On Fri, May 19, 2023 at 12:03 AM Neal Cardwell [off-list ref] wrote:

quoted

On Thu, May 18, 2023 at 10:12 AM Menglong Dong [off-list ref] wrote:

quoted

On Thu, May 18, 2023 at 9:40 PM Neal Cardwell [off-list ref] wrote:

quoted

On Wed, May 17, 2023 at 10:35 PM Menglong Dong [off-list ref] wrote:

quoted

On Wed, May 17, 2023 at 10:47 PM Eric Dumazet [off-list ref] wrote:

quoted

On Wed, May 17, 2023 at 2:42 PM [off-list ref] wrote:

quoted

From: Menglong Dong <redacted>

Window shrink is not allowed and also not handled for now, but it's
needed in some case.

In the origin logic, 0 probe is triggered only when there is no any
data in the retrans queue and the receive window can't hold the data
of the 1th packet in the send queue.

Now, let's change it and trigger the 0 probe in such cases:

- if the retrans queue has data and the 1th packet in it is not within
the receive window
- no data in the retrans queue and the 1th packet in the send queue is
out of the end of the receive window

Sorry, I do not understand.

Please provide packetdrill tests for new behavior like that.

Yes. The problem can be reproduced easily.

1. choose a server machine, decrease it's tcp_mem with:
    echo '1024 1500 2048' > /proc/sys/net/ipv4/tcp_mem
2. call listen() and accept() on a port, such as 8888. We call
    accept() looply and without call recv() to make the data stay
    in the receive queue.
3. choose a client machine, and create 100 TCP connection
    to the 8888 port of the server. Then, every connection sends
    data about 1M.
4. we can see that some of the connection enter the 0-probe
    state, but some of them keep retrans again and again.

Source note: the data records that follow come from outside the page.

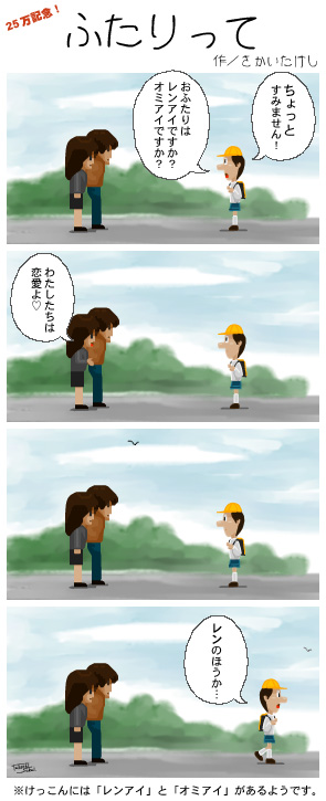 | 25万アクセス記念作品「ふたりって」 (2001年6月5日) 突然4コママンガにチャレンジした意欲作。しかしこのときだけの意欲だったためシリーズ化ならず。最後のコマにサインが入るのはまるでモンキー・パンチのようである。 |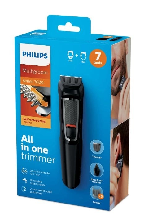 Univerzálny zastrihávač PHILIPS Series 3000 ponúka 7 nadstavcov na úpravu fúzov, vlasov aj chĺpkov v nose a ušiach. Vďaka samoostriacim oceľovým britom si užijete precízny strih po dlhé roky, až 60 minút bezdrôtovej prevádzky a jednoduché čistenie vďaka umývateľným nadstavcom. Súčasťou je aj praktické puzdro na prenášanie a uloženie.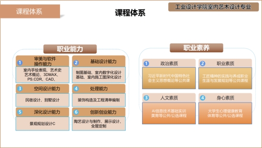 拓展民族非遗、全屋定制、展陈设计等领域课程,融入绿色建筑标准、装饰工程法规等跨学科内容,全面提升学生在艺术美学、智慧空间营造、可持续设计、跨领域协作等方向的综合竞争力。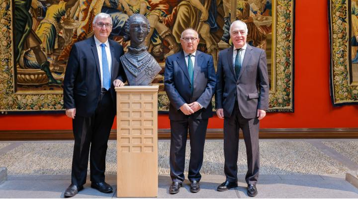 La rueda de prensa de presentación del Congreso ha contado con la participación de Honorio Romero, director de la Real Sociedad Económica Aragonesa de Amigos del País; José Luis Rodrigo, director general de Fundación Ibercaja, y Domingo Buesa, comisario de la muestra.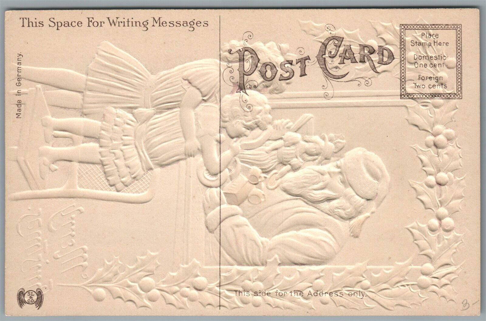 SANTA w/ LITTLE GIRLS MERRY CHRISTMAS EMBOSSED ANTIQUE POSTCARD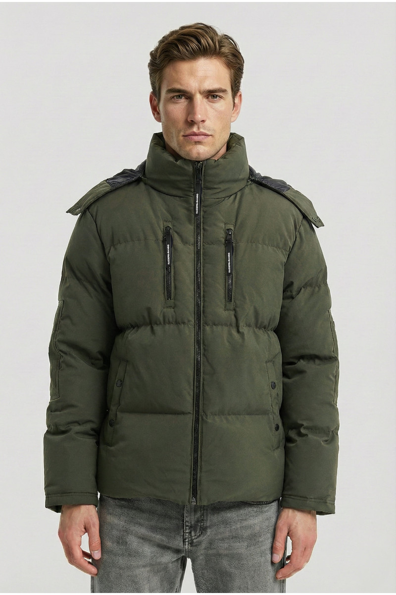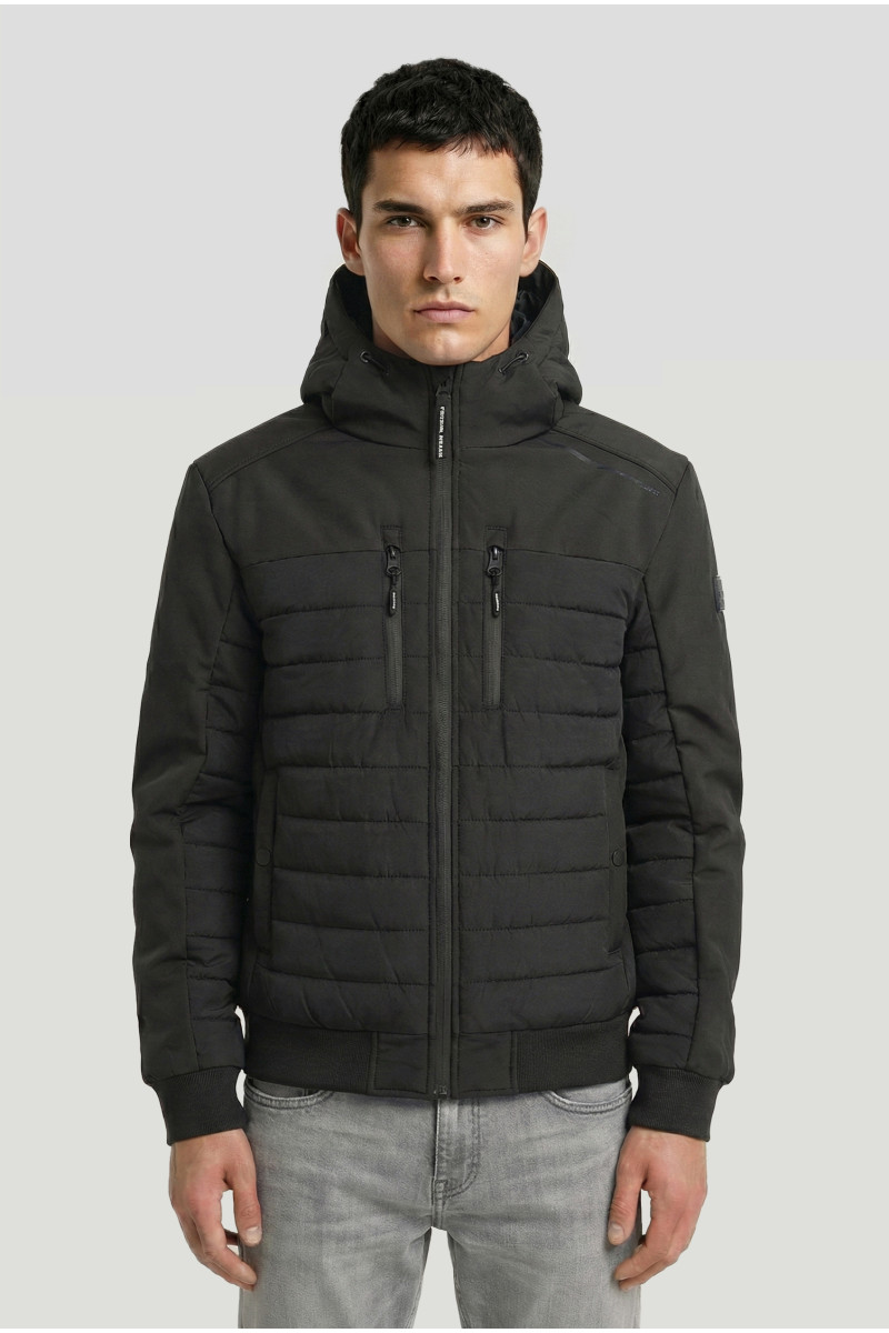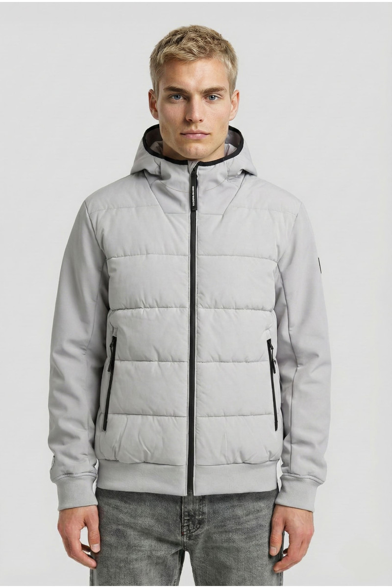 Descripción: Campera combinada en Soft Sell y Nylon matelaseado con puños tejidos. Capucha , cierres engomados impermeables. Frente con 4 bolsillos.

As
    the server is up to the tcp_mem[2] and skb is dropped before
    the recv_buf full and the connection enter 0-probe state.
    Finially, some of these connection will timeout and break.

With this series, all the 100 connections will enter 0-probe
status and connection break won't happen. And the data
trans will recover if we increase tcp_mem or call 'recv()'
on the sockets in the server.

quoted

Also, such fundamental change would need IETF discussion first.
We do not want linux to cause network collapses just because billions
of devices send more zero probes.

I think it maybe a good idea to make the connection enter
0-probe, rather than drop the skb silently. What 0-probe
meaning is to wait for space available when the buffer of the
receive queue is full. And maybe we can also use 0-probe
when the "buffer" of "TCP protocol" (which means tcp_mem)
is full?

Am I right?

Thanks!
Menglong Dong

Thanks for describing the scenario in more detail. (Some kind of
packetdrill script or other program to reproduce this issue would be
nice, too, as Eric noted.)

You mention in step (4.) above that some of the connections keep
retransmitting again and again. Are those connections receiving any
ACKs in response to their retransmissions? Perhaps they are receiving
dupacks?

Actually, these packets are dropped without any reply, even dupacks.
skb will be dropped directly when tcp_try_rmem_schedule()
fails in tcp_data_queue(). That's reasonable, as it's
useless to reply a ack to the sender, which will cause the sender
fast retrans the packet, because we are out of memory now, and
retrans can't solve the problem.

I'm not sure I see the problem. If retransmits can't solve the
problem, then why are you proposing that data senders keep
retransmitting forever (via 0-window-probes) in this kind of scenario?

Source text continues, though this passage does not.